===== Given material =====
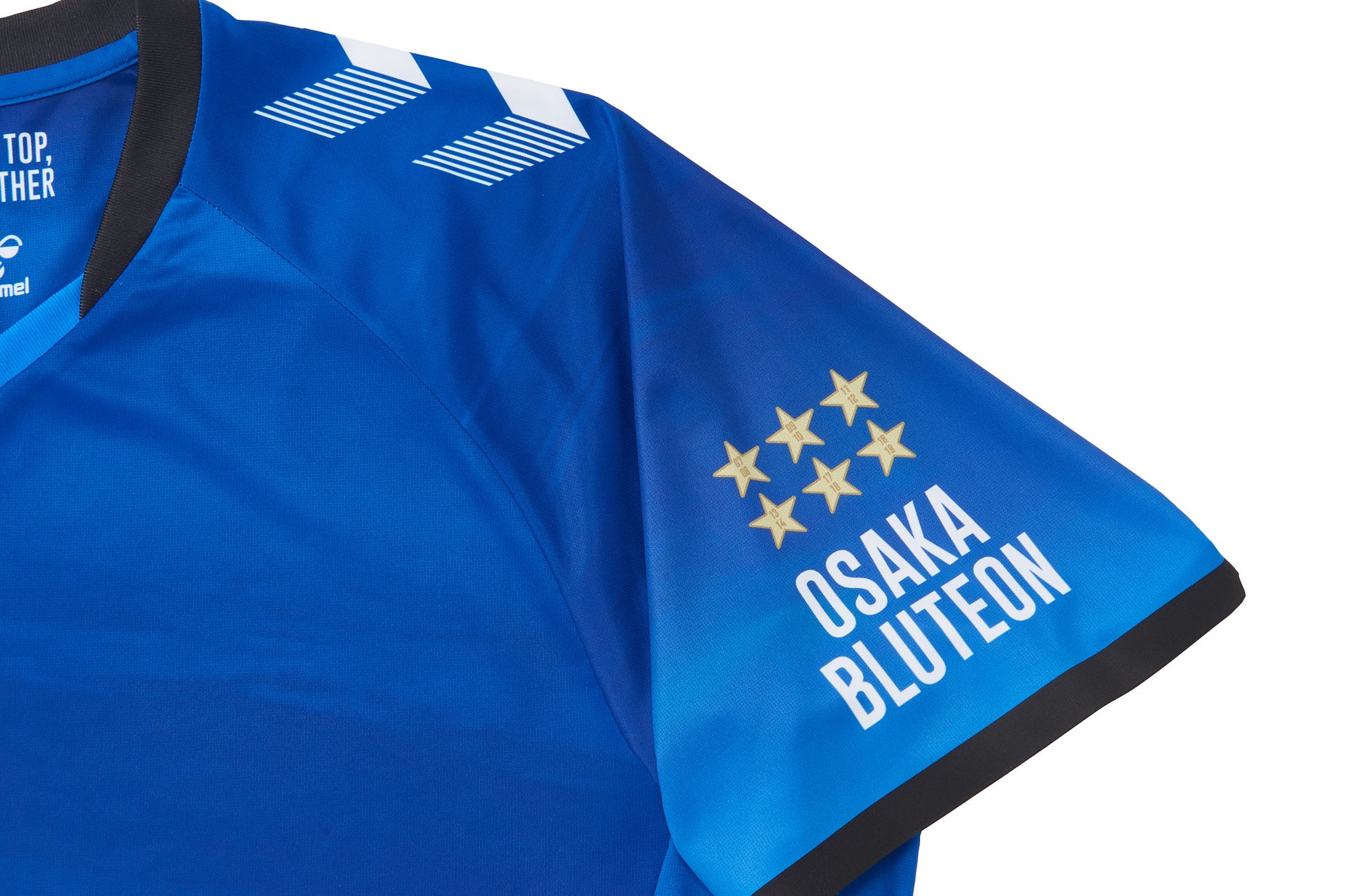 衿裏には大阪ブルテオンのミッション「Always to the top, All ways together(常に頂点へ、前途を共に)を配置。ゲームに向かう選手たちを鼓舞し、同じユニフォームをまとい声援を送るサポーターとの一体感を強めます。
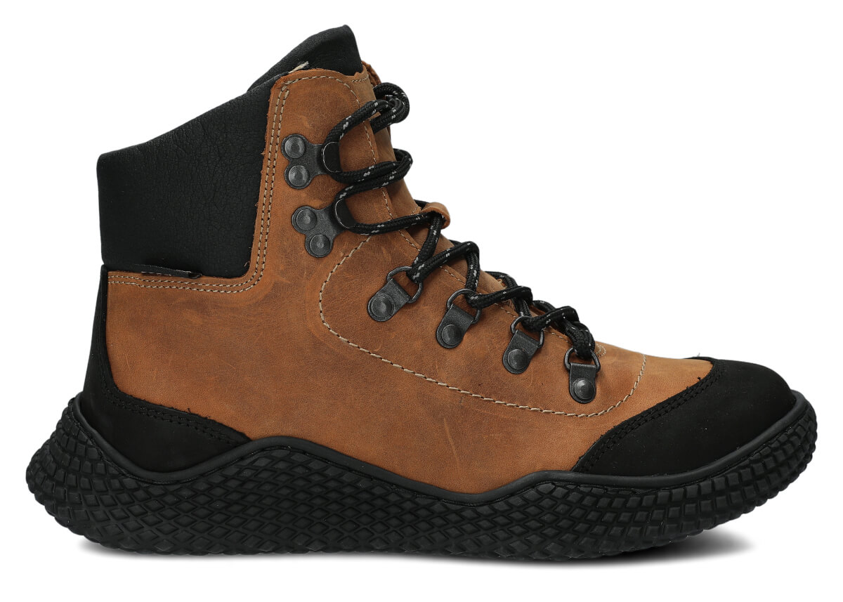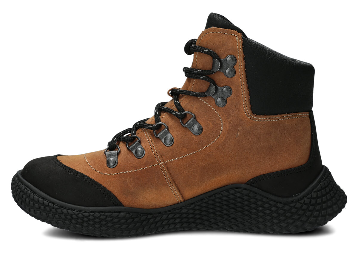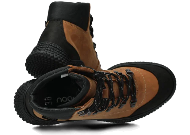 Die Damenschnürschuhe Nagaba 624 in Braun-Crazy sind ein Modell, das genau den Geschmack von Frauen und Teenagern trifft – sie verbinden sportliche Energie mit Alltags-Eleganz. Der hohe Schaft über dem Knöchel, die kontrastreiche Kombination aus Braunfarbenem und schwarzem Crazy-Leder sowie die handgefertigte Herstellung in Polen lassen diese Jugendschuhe modern aussehen und gleichzeitig äußerst langlebig und bequem sein.
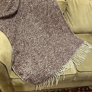 Soft and warm throw blanket with a stylish boucle texture. Features a burgundy and white color mix with decorative fringe on both ends.
=====
- **Directions**:
Through to the final line, copy the material above exactly and skip the images.

- **Result below**:
 衿裏には大阪ブルテオンのミッション「Always to the top, All ways together(常に頂点へ、前途を共に)を配置。ゲームに向かう選手たちを鼓舞し、同じユニフォームをまとい声援を送るサポーターとの一体感を強めます。
 Die Damenschnürschuhe Nagaba 624 in Braun-Crazy sind ein Modell, das genau den Geschmack von Frauen und Teenagern trifft – sie verbinden sportliche Energie mit Alltags-Eleganz. Der hohe Schaft über dem Knöchel, die kontrastreiche Kombination aus Braunfarbenem und schwarzem Crazy-Leder sowie die handgefertigte Herstellung in Polen lassen diese Jugendschuhe modern aussehen und gleichzeitig äußerst langlebig und bequem sein.
 Soft and warm throw blanket with a stylish boucle texture. Features a burgundy and white color mix with decorative fringe on both ends.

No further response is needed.